A PostgreSQL full text search

PostgreSQL provides a full text search capability, which is used to overcome SQL pattern matching operators, including LIKE and ILIKE, boosting the performance of the text search. For example, even though an index on text using the text_pattern_op class is supported, this index cannot be used to match a nonanchored text search. To explain this limitation, let's create the following table:

CREATE TABLE document(
  document_id serial primary key,
  document_body text
);

CREATE INDEX on document (document_body text_pattern_ops);

INSERT INTO document VALUES (default, 'Can not use text_pattern_op class to search for non-anchored text');

To test the index with anchored and nonanchored text search, let's disable sequential scan and generate execution plans as shown in the following example:

car_portal=# EXPLAIN SELECT * FROM document WHERE document_body like 'Can%text_pattern';
                                         QUERY PLAN
--------------------------------------------------------------------------------------------
 Bitmap Heap Scan on document  (cost=4.21..13.68 rows=1 width=36)
   Filter: (document_body ~~ 'Can%text_pattern'::text)
   ->  Bitmap Index Scan on document_document_body_idx  (cost=0.00..4.21 rows=6 width=0)
         Index Cond: ((document_body ~>=~ 'Can'::text) AND (document_body ~<~ 'Cao'::text))
(4 rows)

car_portal=# EXPLAIN SELECT * FROM document WHERE document_body like '%text_pattern';
                                 QUERY PLAN
-----------------------------------------------------------------------------
 Seq Scan on document  (cost=10000000000.00..10000000025.38 rows=1 width=36)
   Filter: (document_body ~~ '%text_pattern'::text)
(2 rows)

Note that for nonanchored text, as in %text_pattern, the index is not used.

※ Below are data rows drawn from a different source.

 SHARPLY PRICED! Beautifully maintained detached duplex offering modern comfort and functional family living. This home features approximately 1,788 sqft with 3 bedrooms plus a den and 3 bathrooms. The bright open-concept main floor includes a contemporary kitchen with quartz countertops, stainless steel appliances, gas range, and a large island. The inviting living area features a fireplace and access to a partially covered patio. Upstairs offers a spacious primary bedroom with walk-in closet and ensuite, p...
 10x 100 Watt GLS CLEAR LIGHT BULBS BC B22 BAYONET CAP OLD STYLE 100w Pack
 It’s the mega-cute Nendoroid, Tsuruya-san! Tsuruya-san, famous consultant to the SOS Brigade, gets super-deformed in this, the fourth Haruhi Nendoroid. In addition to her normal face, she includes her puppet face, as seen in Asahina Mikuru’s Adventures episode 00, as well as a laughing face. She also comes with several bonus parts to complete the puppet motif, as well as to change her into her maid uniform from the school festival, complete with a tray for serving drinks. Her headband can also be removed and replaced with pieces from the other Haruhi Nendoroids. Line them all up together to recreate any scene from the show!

Another issue with the traditional LIKE and ILIKE operators is the ranking based on similarity and natural language linguistic support. The LIKE and ILIKE operators always evaluate a Boolean value: either as TRUE or as FALSE.

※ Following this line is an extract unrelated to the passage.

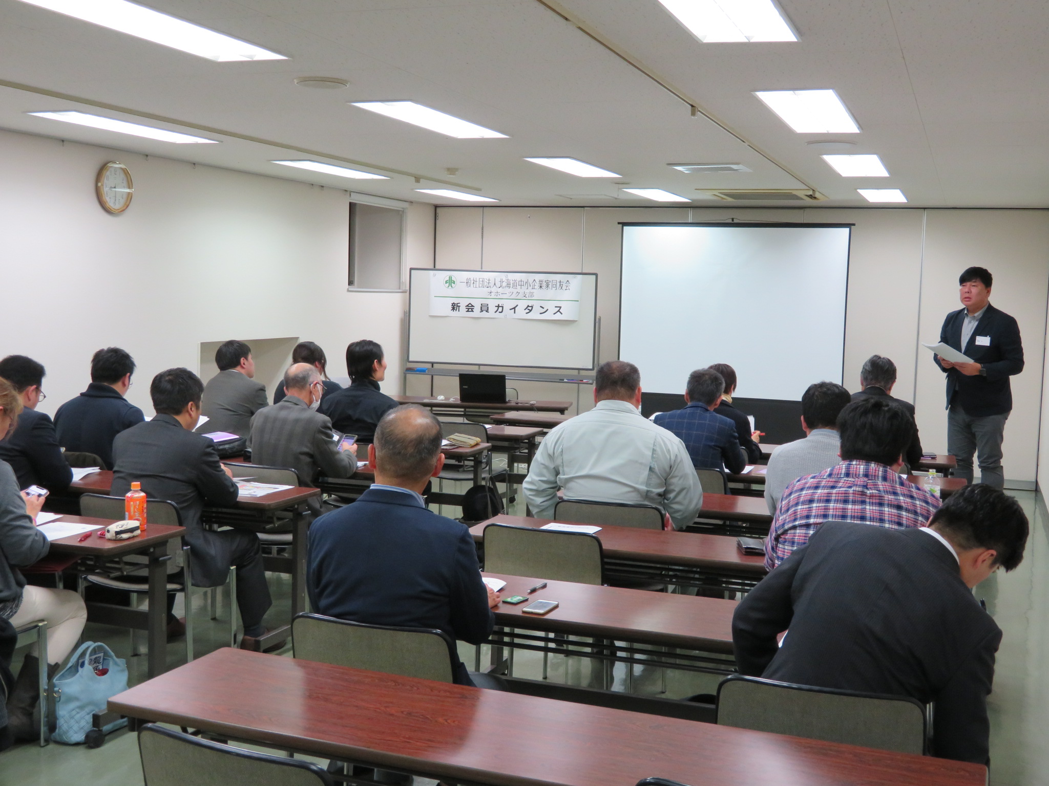 1/15に新会員ガイダンスを開催し、9名の新会員の皆様にご参加いただきました。同友会の理念や歴史背景を学び、オホーツク支部の組織・活動の説明をいたしました。その後の懇親会では自社・自己紹介を行い、新会員同士や役員との交流を行いました。

In addition to ranking nonanchored text search support, PostgreSQL full text search provides many other features. Full text search supports dictionaries, so it can supports language, such as synonyms.

The tsquery and tsvector data types

Full text search is based on the tsvector and tsquery data types; here, tsvector represents a document in a normalized state.

The tsvector data type

The tsvector data type is a sorted list of distinct lexemes. Duplicate elimination and sorting is done during input, as follows:

SELECT 'A wise man always has something to say, whereas a fool always needs to say something'::tsvector;
                                          tsvector
--------------------------------------------------------------------------------------------
 'A' 'a' 'always' 'fool' 'has' 'man' 'needs' 'say' 'say,' 'something' 'to' 'whereas' 'wise'
(1 row)

Casting a text to tsvector does not normalize the document completely due to the lack of linguistic rules. To normalize the preceding example, one can use the to_tsvector() function to normalize the text properly, as follows:

SELECT to_tsvector('english', 'A wise man always has something to say, whereas a fool always needs to say something');
                                      to_tsvector
---------------------------------------------------------------------------------------
 'alway':4,12 'fool':11 'man':3 'need':13 'say':8,15 'someth':6,16 'wherea':9 'wise':2
(1 row)

As shown in the preceding example, the to_tsvector function stripped some letters, such as s from alway, and also generated the integer position of lexemes, which can be used for proximity ranking.

The tsquery data type

The tsquery data type is used to search for certain lexemes. Lexemes can be combined with the & (AND), | (OR), and ! (NOT) operators. Note that the NOT operator has the highest precedence, followed by AND and then OR. Also, parentheses can be used to group lexemes and operators to force a certain order.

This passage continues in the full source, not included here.